Gather nodes¶

A gather node runs a tool once per item of an upstream collection and gathers the per-run outputs into parallel lists. Use it when an upstream produces many items but the tool’s input is cardinality = "one", i.e. the tool can only consume one item per invocation.

rf   = g.add_node("rfdiffusion")                  # output `designs`: a dir of N backbones
mpnn = g.add_gather_node("proteinmpnn", split_key="designs")
g.add_edge((rf, mpnn))

split_key names the upstream output key whose value is the collection to fan out over.

Finding `split_key`¶

split_key is the name of the upstream tool’s output that holds the collection, read it from the producing tool’s manifest, not the consuming tool’s inputs:

bv show rfdiffusion --format json

RFdiffusion declares one output, designs (a directory of backbones), so split_key="designs". The rule of thumb: pick the upstream output that is a directory or list of the items you want to process one at a time. You also need a gather node (rather than a plain tool node) precisely when that upstream output is a collection but the downstream tool’s matching input is cardinality = "one".

        flowchart LR
    RF["rfdiffusion<br/>runs once → N backbones"] --> SC{{"scatter<br/>split into N inputs"}}
    K(["knobs<br/>num_seq_per_target=2"]) -. into every run .-> RUNS
    SC --> RUNS["proteinmpnn ×N<br/>one backbone each"]
    RUNS --> GA{{"gather<br/>N outputs → lists"}}
    GA --> OUT(["sequences: [s1 … sN]"])

Execution¶

For rfdiffusion → gather(proteinmpnn) with N backbones, the executor:

runs the single upstream once, producing e.g. {"designs": "/dir"};
calls the edge’s scatter connector once on that output; it returns a list of N per-item input dicts, e.g. [{"pdb_path": f0}, {"pdb_path": f1}, …];
runs the tool once per dict via run_one, each invocation gets its own numbered output directory, and the tool itself is unaware of the fan-out;
gathers the N result dicts into a dict of lists, {"sequences": [s0, s1, …]}.

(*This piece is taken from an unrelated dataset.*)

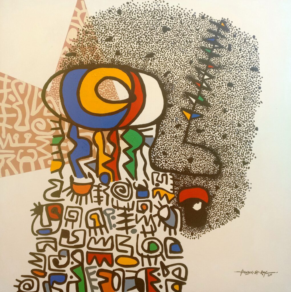 As I stand before the canvas, I am enveloped in a realm of boundless possibilities. The African abstract painting before me, affectionately titled “The Imagination 4,” transcends mere brushstrokes and pigments. It is an embodiment of my very being, a visual manifestation of my innermost emotions. Every dot, line, pattern, symbol, and shape is interwoven with the essence of my present state, connecting me to a world of profound beauty.

Shared parameters (a separate input node) are applied verbatim into every run, not scattered:

mpnn_in = g.add_input_node(num_seq_per_target="2", sampling_temp="0.1")
g.add_edge((rfdiffusion, proteinmpnn), (mpnn_in, proteinmpnn))

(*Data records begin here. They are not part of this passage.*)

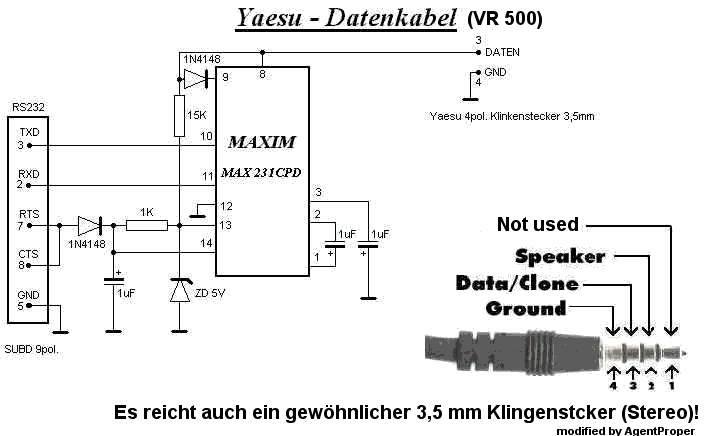 Hierfür soll das eigentlich für den VR-500 gedachte Kabel CT29A geeignet sein.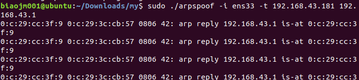 其中的interface可以在Ubuntu中查看网关是看到,本机为ens33,这条命令的意思即为:欺骗主机host自己就是主机target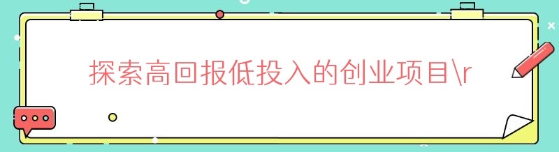探索高回报低投入的创业项目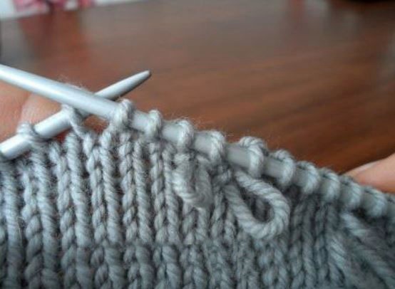- 9р.: 3и., *обернуть дважды 7 птл (см. фото в этой статье выше), 3 лицев., 1и., 3 лицев., 5и.* – между *-* делаем до остатка 3-х птл, 3 из.;

A gather node requires exactly one non-input upstream (the collection source); additional input nodes for scalars are allowed.

How the split happens¶

The split is done by the connector, not by hand-written code. Because the downstream is a gather node, the connector is generated with a scatter instruction and returns list[dict] instead of a single dict. It infers the items from the real runtime data: a directory’s files (grouped by shared prefix, excluding trajectory/temp artifacts), a list’s elements, or a multi-record file’s records. There is no fixed splitter table, a new collection shape works because the connector writes the appropriate crawling code (Connectors).

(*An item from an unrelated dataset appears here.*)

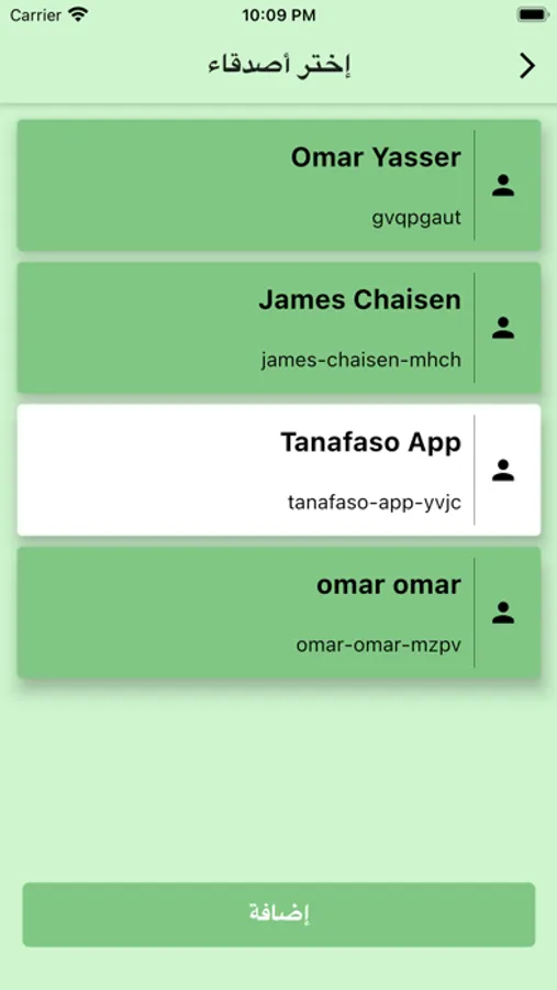 ٣- إذا كنت تعرف كود المستخدم الخاص بصديق، يمكنك الذهاب لصفحة الأصدقاء ثم ضغط زر الزائد ثم ضغط زر الإضافة ثم إدخال كود المستخدم الخاص بصديقك وسيتم إرسال طلب صداقة له.

The connector is generated once per edge and reused for all N items; an N-way fan-out does not generate N connectors.

Chaining gather nodes¶

gather emits lists, so a gather node can feed another gather node:

proteinmpnn = g.add_gather_node("proteinmpnn", split_key="designs")
colabfold   = g.add_gather_node("colabfold",   split_key="sequences")
g.add_edge((rfdiffusion, proteinmpnn))
g.add_edge((proteinmpnn, colabfold))

The second scatter receives an already-gathered list of directories and flattens it into per-item inputs. This two-level pattern (backbones → one sequence design each → one structure prediction each) is the basis of the self-consistency example (Example pipelines).

Reference¶

class biocomposer.GatherNode(tool_name: str, split_key: str, inNodes: list = None, args_override: str = None, entrypoint_override: str = None)

Bases: Node

Run a cardinality-one tool once per item of an upstream collection, gathering outputs into a dict-of-lists. split_key names the upstream output key holding the collection. Partitioning is done by the edge connector (see _execute_gather_node).

static gather(results: list) → dict: list-of-dicts -> dict-of-lists, so downstream sees parallel lists.

run_one(mapped_inputs: dict) → dict: One scattered item; Node.run gives each its own numbered output_dir.